US20250252627
2025-08-07
Physics
G06T11/60
The method focuses on text-based video editing using a generative AI model that ensures temporal consistency and semantic guidance. It involves receiving a sequence of video frames as input and a corresponding text prompt. Features from the video input are extracted to form a latent representation, which is then modified by injecting noise conditioned on the original video. This noise-injected latent is processed by an artificial neural network (ANN) model to adapt the video according to the text prompt.

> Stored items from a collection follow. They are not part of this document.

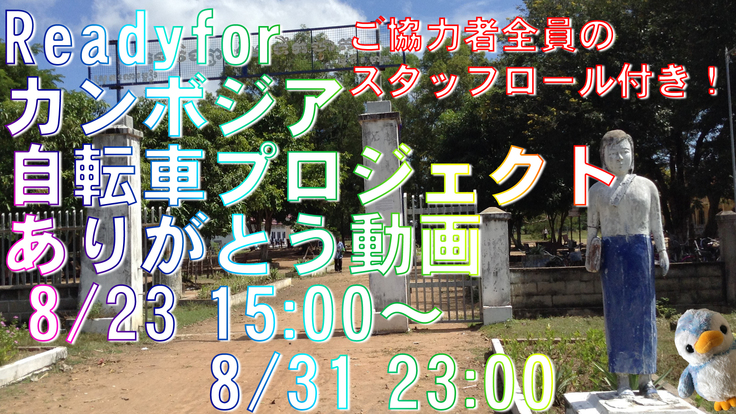 最後の1週間でご協力いただきました方々へのありがとうメッセージです! さらに最終回として、これまでご支援いただきました皆さんのお名前をスタッフロールのように流しております。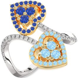 Diamond Gold Silver Heart Two Stone Pave Promise Ring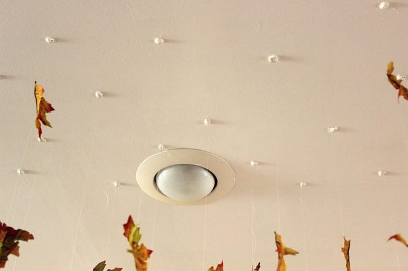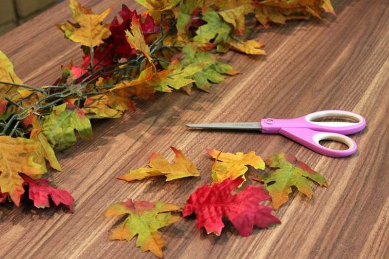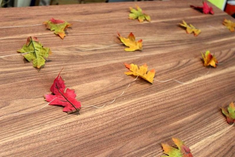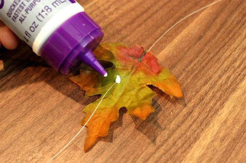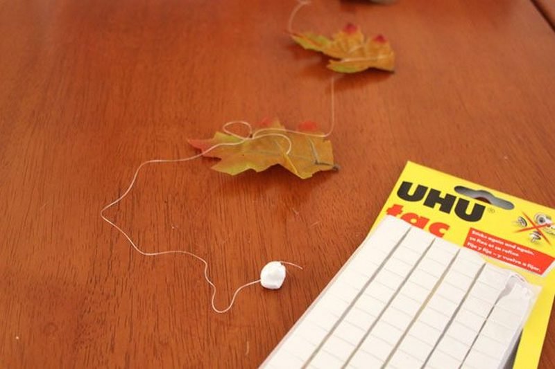 Primero, la línea de pesca se fija con cinta adhesiva sobre papel. Esto es necesario para que los componentes se puedan distribuir en una guirnalda con la misma sangría y al mismo tiempo no dañarlos. Luego se cortan esquejes de las hojas. Se aplican a la línea de pesca en una fila. Cada hoja está pegada. Después de que la composición se endurezca, retire la cinta de enmascarar, desconecte la línea del papel y la guirnalda estará lista.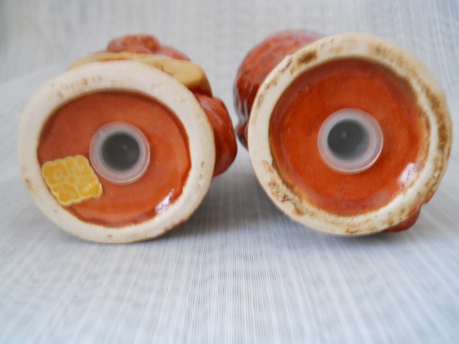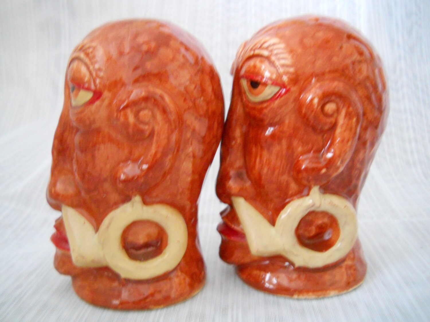 The salt and pepper shakers are brown with large earrings and bones in the noses. Their eyes are droopy and they have long large noses and red lips. Each shaker is 3 1/2 inches tall, have plastic stoppers and gold stickers "OMC Japan".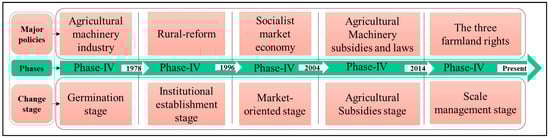 Over the last six decades, China has considered mechanization a fundamental tool and strategic goal for building a modern socialist agriculture system [27] and the need for food security and increasing rural incomes have been the two most important factors driving the development of mechanization in the country. In this article, the evolution and development trend of China’s mechanization are classified into five major phases since 1949, based on the changes in major socio-economic policies that have directly or indirectly affected that mechanization development, because rapid mechanization happened when the government made the appropriate political and economic reforms [28]. Figure 2 presents the five major phases of mechanization development in China associated with the major economic policy events.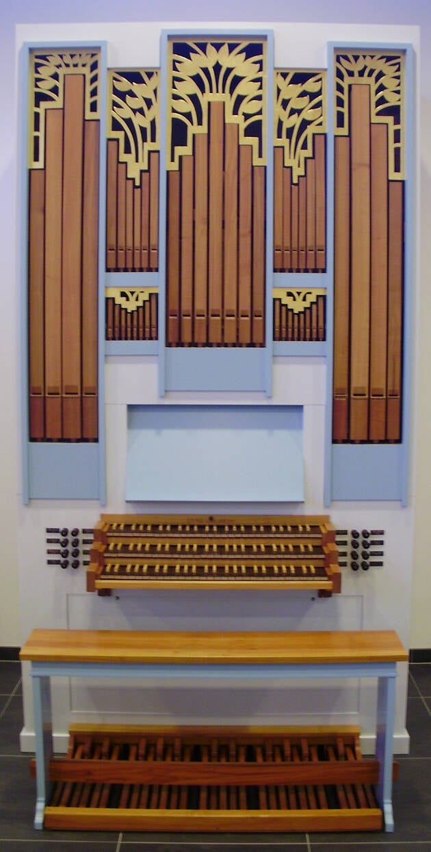 Wiegersma heeft het (sier)front van het orgel zelf samengesteld met onder andere orgelpijpen afkomstig uit de Bethelkerk in Urk.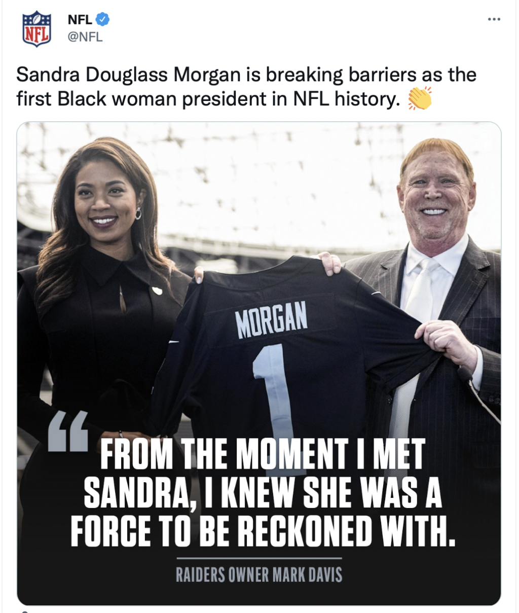 “Congratulations to our Alpha Kappa Alpha, Inc. Theta Theta Omega Chapter Soror Sandra Douglass Morgan on being named President of the Las Vegas Raiders and becoming first black female President in NFL history. We are very proud of her,” they captioned their post.
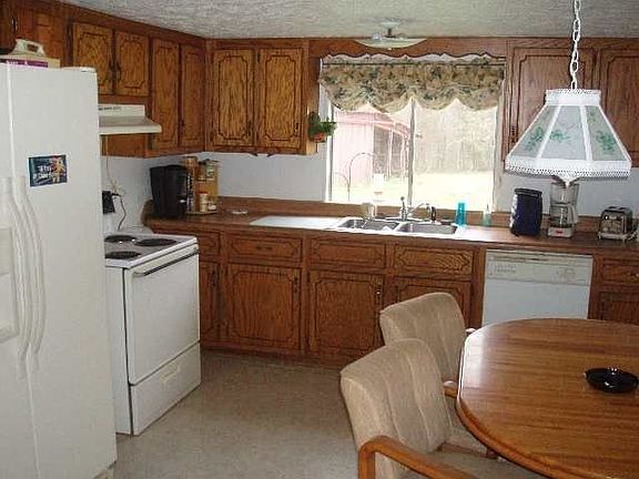 Originally a mobile home that has been added on to and bricked and roofed. Master bedroom with 6 x 11.5 walk in closet, eat in kitchen with oak cabinets opens to great room. Older 35 x 42 open storage shet attached to 20 x 20 enclosed shed/shop, needs some work. Peach & apple trees, and storm shelter. 32 x 8 covered concrete back deck and 15 x8 covered storage area. oak front door with glass cut out.

Artificial neural networks, particularly convolutional neural networks (CNNs), are pivotal in various technological applications like image recognition and autonomous driving. Text-to-video models typically use text prompts, sometimes with additional guidance such as poses or edges, to edit videos. Conventional methods often require substantial computational resources for fine-tuning, which can be challenging for edge devices limited to inferencing capabilities without on-device learning or backpropagation.
Existing methods converting image-based models to video-based ones may face inefficiencies and semantic inconsistencies due to computational demands and lack of structural guidance. The disclosed method addresses these issues by using semantic information to guide text-based video editing, enhancing temporal consistency while reducing computational complexity and latency.
The described techniques have potential applications in areas such as autonomous vehicles and advanced driver assistance systems (ADAS), extended reality (XR), and image processing. By generating diverse training videos through text prompts, perception systems can be trained more effectively for various real-world scenarios, improving their ability to respond to different conditions.
The approach offers several advantages including increased temporal consistency in edited videos and reduced computational demands. It enables the generation of diverse video data for training perception systems, facilitating better generalization across different environments and conditions. This capability is crucial for developing robust autonomous systems that can handle a wide range of real-world situations.